If axions exist, they’d behave less like individual particles zipping through space and more like a pervasive, oscillating field. In the presence of a strong magnetic field, an axion could convert into a faint microwave photon, and that’s the signal experiments are searching for. The Axion Dark Matter eXperiment (ADMX), based at the University of Washington, uses a powerful magnet and an extremely sensitive microwave receiver to listen for this conversion. ADMX has ruled out axions with masses between 3.27 and 3.34 millionths of an electronvolt at a sensitivity level that would detect even the most weakly coupled versions of the particle. That’s a narrow slice of the possible mass range, but it represents a genuine milestone: the experiment has reached the sensitivity needed to either find or exclude the most theoretically motivated axion models, and it continues scanning new frequencies.
Sterile Neutrinos and Other Possibilities
Neutrinos are real, confirmed particles that barely interact with matter. Trillions pass through you every second. Regular neutrinos are too light and too fast to clump together the way dark matter needs to, but a hypothetical heavier cousin, called a sterile neutrino, could work. Sterile neutrinos would interact with other matter even less than regular neutrinos, making them extremely difficult to detect. Some X-ray observations of galaxy clusters have shown unexplained signals that could come from sterile neutrino decay, but none of these signals have been confirmed definitively.

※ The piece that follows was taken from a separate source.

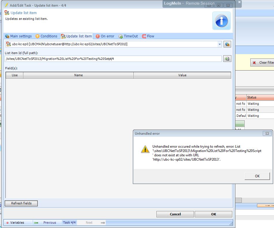 Regarding the SharePoint Update list item task configuration, I can select the List Item from the drop down menu, but the fields are not retrieved. When I click the "Refresh Fields" button, I get an error message, "Unhandled error occured while trying to the refresh, error: List '\sites\UBCNettoSP2013..." does not exist.
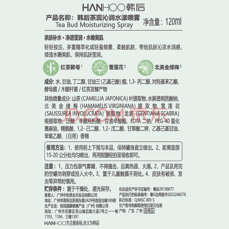 商品相册:韩后茶蕊沁润水漾喷雾120ml 女士爽肤水补水保湿滋润护肤面部定妆湿敷第

Another possibility is that dark matter is made of primordial black holes, black holes that formed not from dying stars but from dense patches in the very early universe. These could range from tiny (lighter than an asteroid) to enormous. Observations have constrained most of the possible mass ranges, but some windows remain open, particularly for black holes in certain intermediate mass ranges.
Could It Be Something Else Entirely?
A minority of physicists have proposed that dark matter doesn’t exist at all, and that what we’re really seeing is a sign that our understanding of gravity is incomplete. The most well-known alternative is Modified Newtonian Dynamics, or MOND, which tweaks the equations of gravity at very low accelerations. MOND does a surprisingly good job of predicting how individual galaxies rotate without invoking any invisible matter.
But MOND struggles with larger structures. The Bullet Cluster is a particularly tough case: the gravitational mass is clearly separated from the visible gas, sitting instead where collisionless dark matter particles would be expected. To explain this without dark matter, MOND would still need some form of invisible, collisionless matter (possibly dark baryons), which undercuts the whole point of eliminating dark matter from the picture. The cosmic microwave background and the large-scale distribution of galaxies also fit the dark matter model far more naturally than any modified gravity theory proposed so far.
Where the Search Stands Now
The search for dark matter is often compared to looking for a needle in a haystack, except physicists aren’t sure the needle is made of metal, and the haystack might be infinitely large. WIMPs remain viable but increasingly constrained. Axion experiments are reaching the sensitivity levels where a discovery is genuinely possible within the next decade. Sterile neutrinos and primordial black holes are longer shots but not ruled out.
What makes this problem so fascinating is that dark matter isn’t a fringe idea or a minor correction. It outweighs all the stars, planets, and gas in the universe by more than five to one. Whatever it turns out to be, identifying it will reshape our understanding of particle physics, cosmology, and the basic inventory of what the universe contains.